INFORMATION SHOWN.
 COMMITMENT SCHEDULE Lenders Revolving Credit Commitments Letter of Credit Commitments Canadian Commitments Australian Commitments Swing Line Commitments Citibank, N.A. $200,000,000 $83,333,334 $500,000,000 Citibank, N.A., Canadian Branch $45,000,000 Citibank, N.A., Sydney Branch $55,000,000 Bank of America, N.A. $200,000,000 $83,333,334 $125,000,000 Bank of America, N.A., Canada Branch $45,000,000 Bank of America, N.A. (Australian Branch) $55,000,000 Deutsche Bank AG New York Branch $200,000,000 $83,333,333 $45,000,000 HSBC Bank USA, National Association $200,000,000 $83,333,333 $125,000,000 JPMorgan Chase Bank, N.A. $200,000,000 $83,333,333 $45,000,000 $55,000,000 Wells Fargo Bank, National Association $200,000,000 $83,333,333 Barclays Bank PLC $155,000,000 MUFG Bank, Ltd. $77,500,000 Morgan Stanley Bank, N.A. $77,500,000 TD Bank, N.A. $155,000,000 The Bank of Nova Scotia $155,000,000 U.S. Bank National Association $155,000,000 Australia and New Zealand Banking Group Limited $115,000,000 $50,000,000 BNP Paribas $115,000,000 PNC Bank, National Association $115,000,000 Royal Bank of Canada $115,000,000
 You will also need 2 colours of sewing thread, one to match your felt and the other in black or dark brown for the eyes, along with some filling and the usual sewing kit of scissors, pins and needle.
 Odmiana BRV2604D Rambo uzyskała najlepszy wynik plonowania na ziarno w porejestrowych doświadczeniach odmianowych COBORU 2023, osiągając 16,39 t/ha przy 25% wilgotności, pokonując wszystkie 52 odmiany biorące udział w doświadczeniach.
--
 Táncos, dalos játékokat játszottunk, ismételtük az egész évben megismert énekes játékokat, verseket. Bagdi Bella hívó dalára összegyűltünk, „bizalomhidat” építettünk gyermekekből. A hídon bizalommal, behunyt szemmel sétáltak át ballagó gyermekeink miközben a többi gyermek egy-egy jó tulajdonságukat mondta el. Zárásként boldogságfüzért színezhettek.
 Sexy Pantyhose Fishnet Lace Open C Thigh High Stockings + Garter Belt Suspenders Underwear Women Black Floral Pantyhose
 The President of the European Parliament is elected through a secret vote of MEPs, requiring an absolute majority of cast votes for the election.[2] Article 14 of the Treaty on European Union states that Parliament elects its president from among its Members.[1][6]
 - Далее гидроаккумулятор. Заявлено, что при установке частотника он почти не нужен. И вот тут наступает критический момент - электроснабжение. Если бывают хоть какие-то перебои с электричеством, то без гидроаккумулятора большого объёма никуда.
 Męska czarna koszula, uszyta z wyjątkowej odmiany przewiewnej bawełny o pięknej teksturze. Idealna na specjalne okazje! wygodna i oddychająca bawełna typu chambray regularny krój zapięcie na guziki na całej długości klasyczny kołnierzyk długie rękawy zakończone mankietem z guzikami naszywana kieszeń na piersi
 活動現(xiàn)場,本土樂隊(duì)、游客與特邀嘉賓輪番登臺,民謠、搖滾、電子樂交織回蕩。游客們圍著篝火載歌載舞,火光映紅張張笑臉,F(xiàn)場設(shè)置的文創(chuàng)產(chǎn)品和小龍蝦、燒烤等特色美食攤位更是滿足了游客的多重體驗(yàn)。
* * *
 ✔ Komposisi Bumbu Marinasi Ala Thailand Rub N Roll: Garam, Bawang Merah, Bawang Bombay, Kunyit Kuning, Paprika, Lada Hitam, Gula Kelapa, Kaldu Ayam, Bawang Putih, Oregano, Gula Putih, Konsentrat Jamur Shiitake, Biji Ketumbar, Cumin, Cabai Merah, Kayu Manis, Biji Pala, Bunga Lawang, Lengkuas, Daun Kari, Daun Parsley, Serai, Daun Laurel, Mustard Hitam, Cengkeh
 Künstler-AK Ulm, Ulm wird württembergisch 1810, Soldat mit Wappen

WORK ITEM.
Starting at the line above that contains "Mustard Hitam, Cengkeh", repeat each line exactly up to and including the line that contains "Künstler-AK Ulm, Ulm", and stop there.

SOLUTION TO THIS PROBLEM.
 ✔ Komposisi Bumbu Marinasi Ala Thailand Rub N Roll: Garam, Bawang Merah, Bawang Bombay, Kunyit Kuning, Paprika, Lada Hitam, Gula Kelapa, Kaldu Ayam, Bawang Putih, Oregano, Gula Putih, Konsentrat Jamur Shiitake, Biji Ketumbar, Cumin, Cabai Merah, Kayu Manis, Biji Pala, Bunga Lawang, Lengkuas, Daun Kari, Daun Parsley, Serai, Daun Laurel, Mustard Hitam, Cengkeh
 Künstler-AK Ulm, Ulm wird württembergisch 1810, Soldat mit Wappen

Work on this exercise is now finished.